I've been averaging ten a day, everything from AWers, to forwarded queries from the agency, to referrals from other clients, etc. Even this modest amount is a fair amount of work. I don't generally see the really bad stuff, so almost everything that comes my way requires some attention. A few minutes, at least.

So imagine if you've got five minutes to consider a query and sample pages and decide whether to reject it, ask for a partial, or take a chance on a full. A partial will take twenty minutes or so and a full will take somewhere between a half hour and 20 hours, depending on if you lose interest or read to the end of a large novel, take notes, make an offer, etc.

You've got to reject most of the queries or you'll drown under the work load, but it's not an easy thing to judge a query in five minutes for a project that took a writer months and months to write.

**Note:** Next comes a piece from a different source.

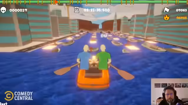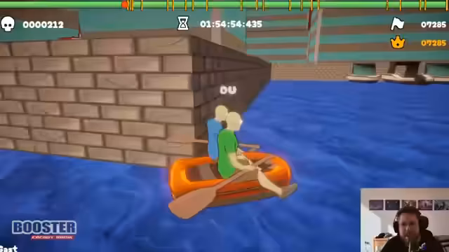 04:16:45Das gemeinsame Gameplay im Rennspiel wird nun intensiv fortgesetzt. Beide Spieler finden langsam einen Rhythmus, paddeln abwechselnd in einem vorgegebenen Takt und versuchen, Hindernisse zu umfahren. Währenddessen werden die Steuerungsmechaniken erklärt und kritisiert, da die Physik des Paddelns nicht intuitiv wirkt. Nachdem erste Hindernisse erfolgreich gemeistert werden, wird versucht, einenCheckpoint zu erreichen, wobei die Route und das Timing diskutiert werden.
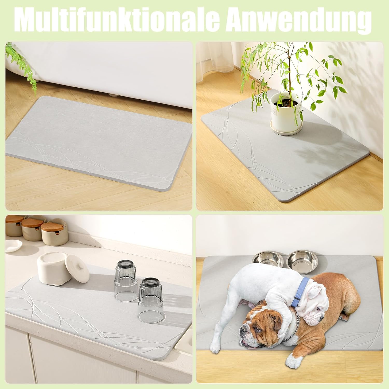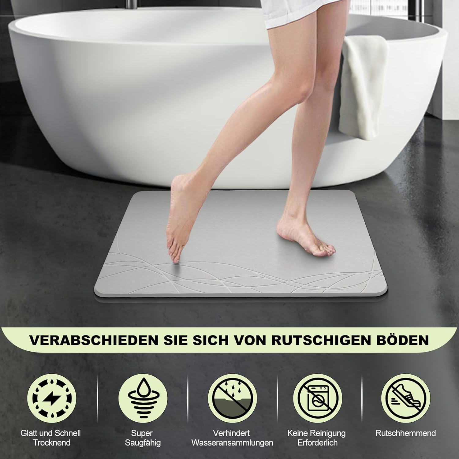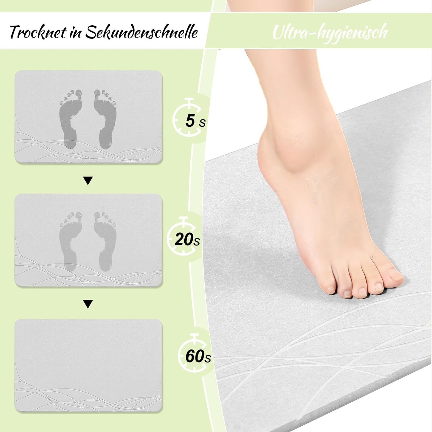 Изработени от издръжлива диатомитна пръст, нашите постелки за баня абсорбират влагата и съхнат бързо, за разлика от конвенционалните постелки за баня, които не го правят. Това поддържа работните повърхности в банята и кухнята, както и домакинските предмети чисти и подредени.

Now imagine if you're an agent who does all her own query reading and has to wade through five hundred queries a week. She can't spend five minutes per. She probably can't manage more than a minute per query.

Keep in mind that you're doing other work, too, the kind that actually will bring you money. For example, I'm currently on the second day of my self-imposed two day goal to work on the latest by an existing client, which is 125,000 words long. I can't just read it, I need to make notes, check for continuity issues and the like. Query work is in addition to this sort of work and it's all speculative in nature.

It's no wonder so many agents don't bother responding to unsolicited queries. It's almost a surprise that so many do respond.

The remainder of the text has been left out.